Task statement
Can you print the data exactly and leave out each image?

Given material
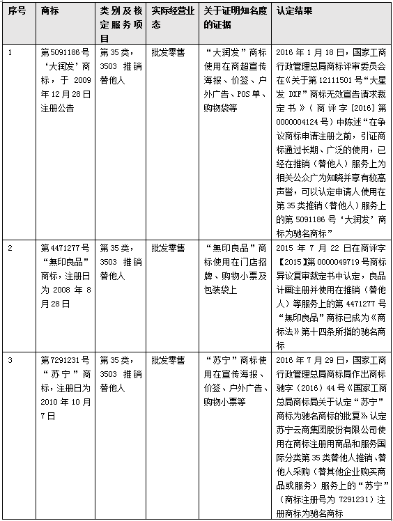 另外,即使在商標授權確權程序中,對一些案件的裁判結果與固有的“批發零售和推銷替他人不相同不類似”認知也相左,以下列舉“大潤發”、“無印良品”和“蘇寧”三個行政認定馳名商標案件為例予以說明。“大潤發”是知名的連鎖超市品牌,其權利人在2009年12月在第35類第3503類似群“推銷(替他人)”服務項目上注冊第5091186號“大潤發”商標,后在批發零售業態上進行了大量使用,2015年基于在批發零售上使用形成的知名度,第5091186號“大潤發”商標被認定為上海市著名商標,2016年該商標被原國家工商總局商評委認定為馳名商標。除此之外,類似情形的還有無印良品和蘇寧兩案。
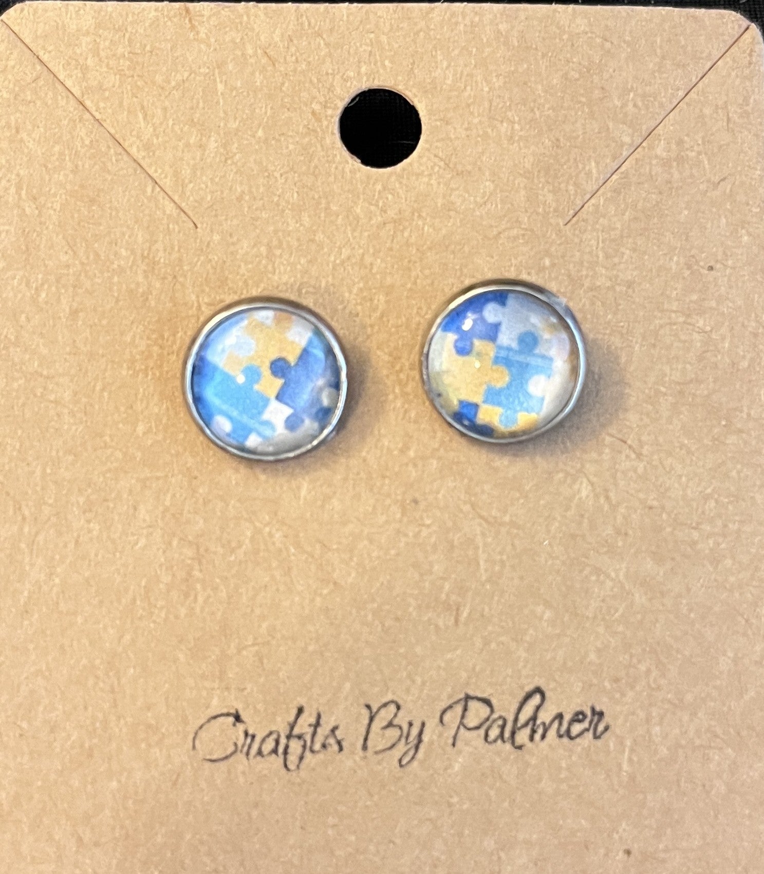 These sophisticated stud earrings feature a carefully crafted jigsaw puzzle motif in blue and yellow tones, set against a gleaming silver backing. Measuring 1/2 inch in diameter, they offer a subtle yet striking embellishment to any ensemble. Perfect for individuals who appreciate distinctive jewelry, they also make an intriguing conversation starter for puzzle enthusiasts.
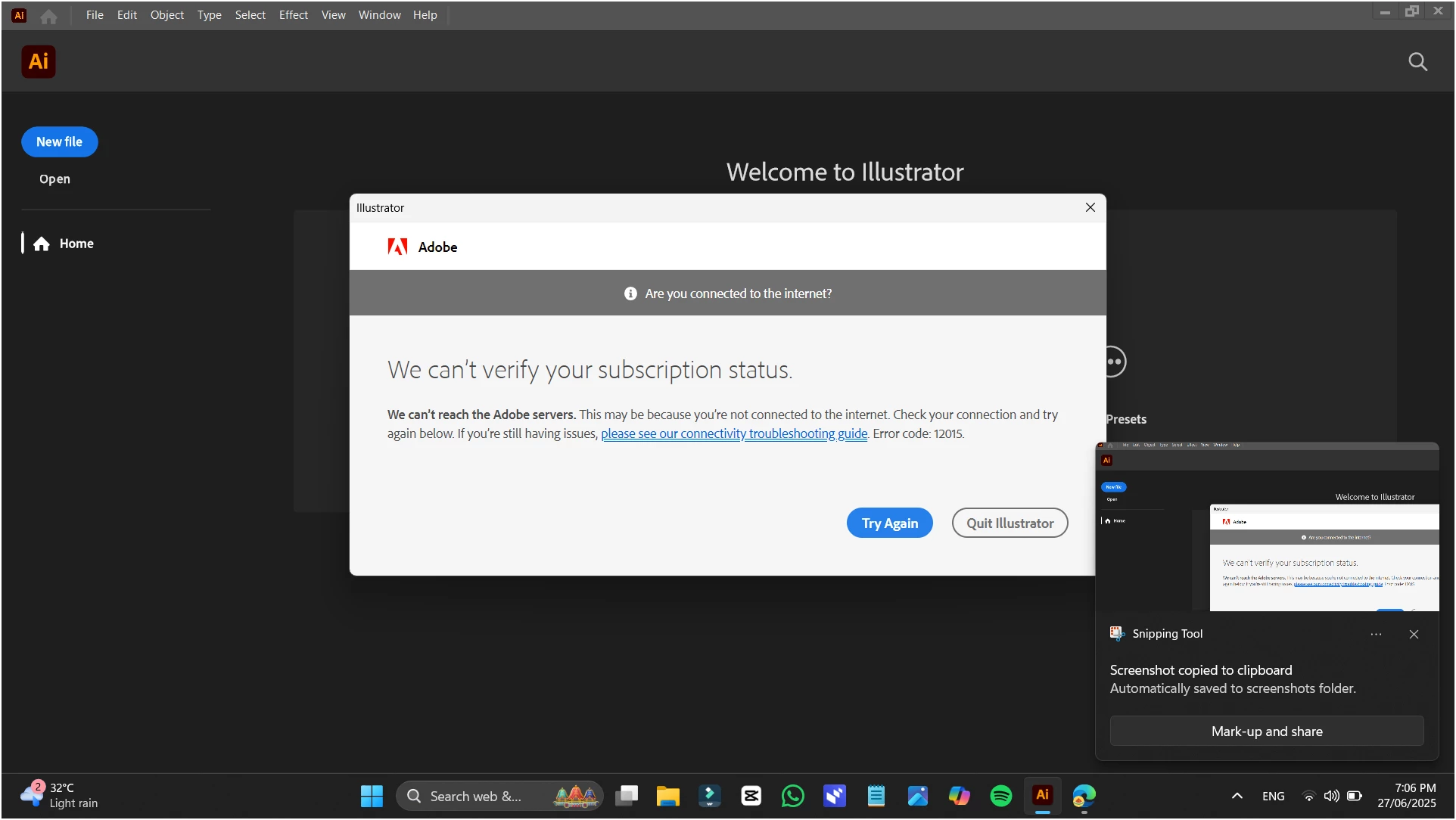This is a network connectivity issue when the app occasionally fails to connect with Adobe servers and runs into this error.

Answer section
 另外,即使在商標授權確權程序中,對一些案件的裁判結果與固有的“批發零售和推銷替他人不相同不類似”認知也相左,以下列舉“大潤發”、“無印良品”和“蘇寧”三個行政認定馳名商標案件為例予以說明。“大潤發”是知名的連鎖超市品牌,其權利人在2009年12月在第35類第3503類似群“推銷(替他人)”服務項目上注冊第5091186號“大潤發”商標,后在批發零售業態上進行了大量使用,2015年基于在批發零售上使用形成的知名度,第5091186號“大潤發”商標被認定為上海市著名商標,2016年該商標被原國家工商總局商評委認定為馳名商標。除此之外,類似情形的還有無印良品和蘇寧兩案。
 These sophisticated stud earrings feature a carefully crafted jigsaw puzzle motif in blue and yellow tones, set against a gleaming silver backing. Measuring 1/2 inch in diameter, they offer a subtle yet striking embellishment to any ensemble. Perfect for individuals who appreciate distinctive jewelry, they also make an intriguing conversation starter for puzzle enthusiasts.
This is a network connectivity issue when the app occasionally fails to connect with Adobe servers and runs into this error.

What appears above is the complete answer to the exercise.